> [WORK INSTRUCTION] Write the lines out again, from the top of the material to the line containing "Текстильная штора для", pictures excluded.

> [DATA SEGMENT]
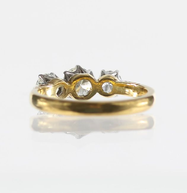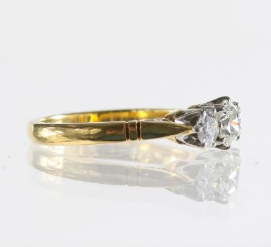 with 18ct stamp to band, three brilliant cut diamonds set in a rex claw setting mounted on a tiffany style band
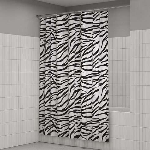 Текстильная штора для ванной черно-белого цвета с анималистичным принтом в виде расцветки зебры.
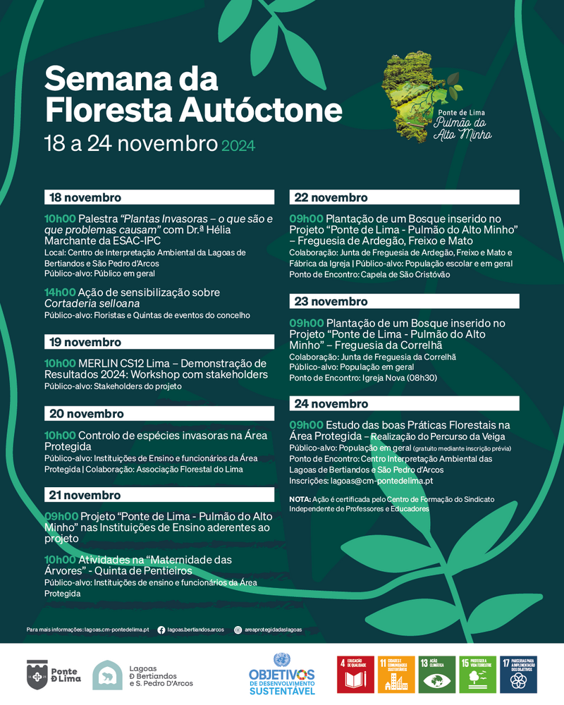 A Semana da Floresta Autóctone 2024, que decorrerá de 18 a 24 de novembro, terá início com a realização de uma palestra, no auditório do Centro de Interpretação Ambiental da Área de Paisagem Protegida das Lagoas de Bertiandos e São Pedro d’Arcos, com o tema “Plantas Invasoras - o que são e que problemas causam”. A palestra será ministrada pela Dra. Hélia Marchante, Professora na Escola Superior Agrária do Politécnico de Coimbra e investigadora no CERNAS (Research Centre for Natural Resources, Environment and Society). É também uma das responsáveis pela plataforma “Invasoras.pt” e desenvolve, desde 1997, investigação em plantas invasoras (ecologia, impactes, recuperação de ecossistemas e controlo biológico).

> [TASK RESULT]
 with 18ct stamp to band, three brilliant cut diamonds set in a rex claw setting mounted on a tiffany style band
 Текстильная штора для ванной черно-белого цвета с анималистичным принтом в виде расцветки зебры.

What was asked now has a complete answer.